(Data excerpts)
+++
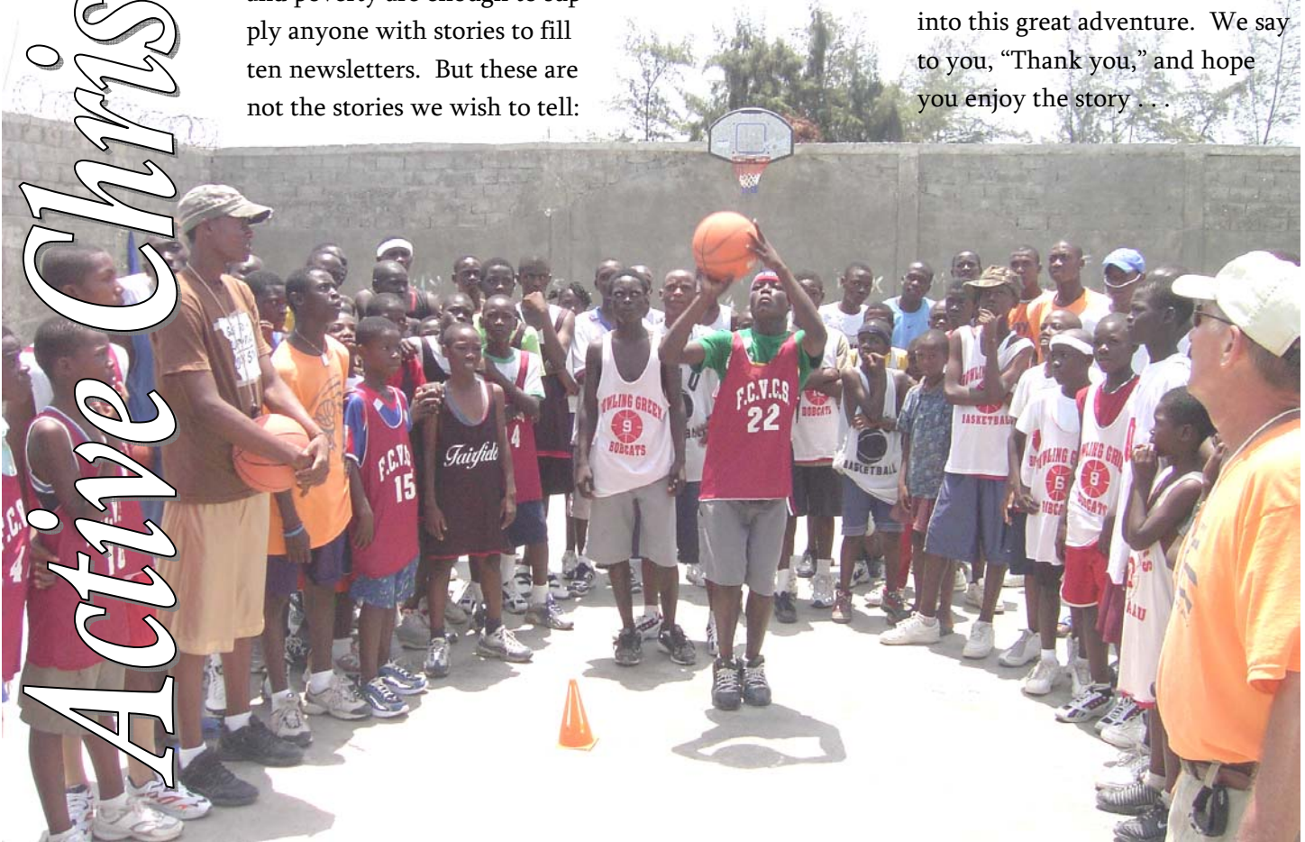
Haitian teens look on eagerly as free-throws determine who will advance to the finals. Our annual basketball camp has become an anticipated event in the community of Port de Paix, Haiti.

adventure of a lifetime, a story about how simple acts of love and sacrifice are paving the road for God’s kingdom to advance in a dark and dying world. Thanks to the regular support and prayers we receive, A.C.T. is able to continue to invite college students into this great adventure. We say to you, “Thank you,” and hope you enjoy the story . . .
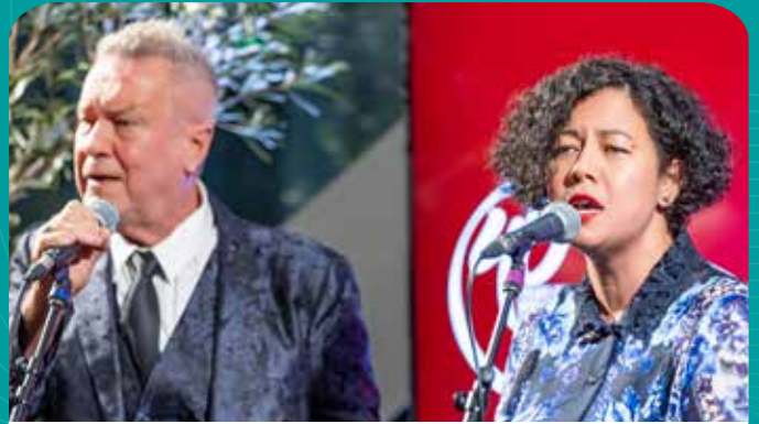
Jimmy Barnes AO and Mahalia Barnes

We were delighted to announce major donations to support the redevelopment of the hospital's Interventional Cardiology Suites, including visionary contributions from the Sutton Family and the JW & M Cunningham Foundation. We thank both families for their extraordinary support.
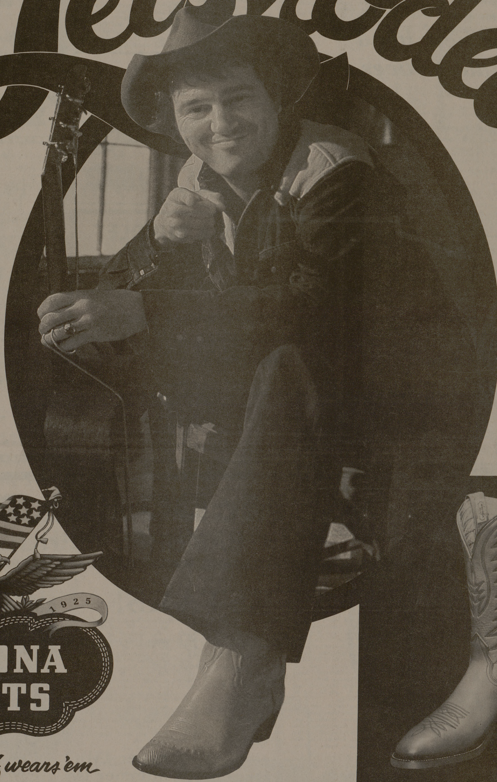
STYLE #5004. Sunrise Full-Grain Veal Vamp and 12" Top with deep scallop; No. 20 Toe; C Heel; Thin-Line Cushion Shank.
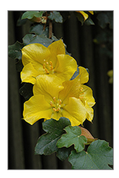
California Glory Fremontodendron flowers

California Glory Fremontodendron is recommended for the following landscape applications;
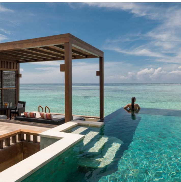
Plunge pool, Four Seasons Resort Maldives at Kuda Huraa
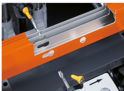
3-spindle copy router KF 178/10
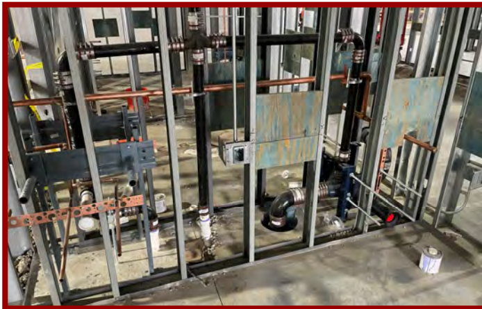
Area B In-Wall Plumbing & Electrical
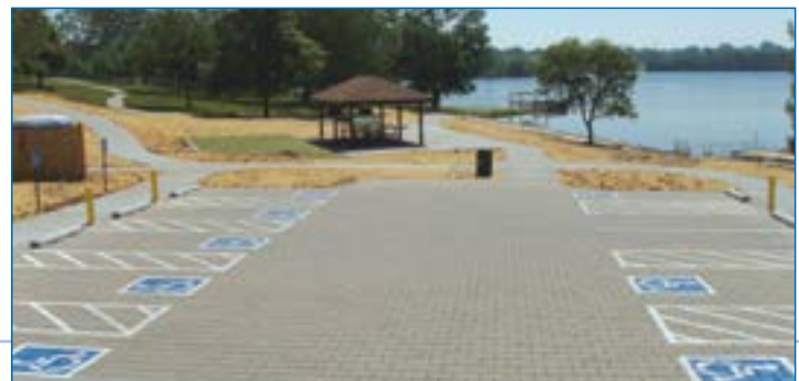
7 3,600 SF PaveDrain complete.
+++
Repeat the entries exactly. Any picture is to be left out.

Haitian teens look on eagerly as free-throws determine who will advance to the finals. Our annual basketball camp has become an anticipated event in the community of Port de Paix, Haiti.

adventure of a lifetime, a story about how simple acts of love and sacrifice are paving the road for God’s kingdom to advance in a dark and dying world. Thanks to the regular support and prayers we receive, A.C.T. is able to continue to invite college students into this great adventure. We say to you, “Thank you,” and hope you enjoy the story . . .
Jimmy Barnes AO and Mahalia Barnes

We were delighted to announce major donations to support the redevelopment of the hospital's Interventional Cardiology Suites, including visionary contributions from the Sutton Family and the JW & M Cunningham Foundation. We thank both families for their extraordinary support.
STYLE #5004. Sunrise Full-Grain Veal Vamp and 12" Top with deep scallop; No. 20 Toe; C Heel; Thin-Line Cushion Shank.
California Glory Fremontodendron flowers

California Glory Fremontodendron is recommended for the following landscape applications;
Plunge pool, Four Seasons Resort Maldives at Kuda Huraa
3-spindle copy router KF 178/10
Area B In-Wall Plumbing & Electrical
7 3,600 SF PaveDrain complete.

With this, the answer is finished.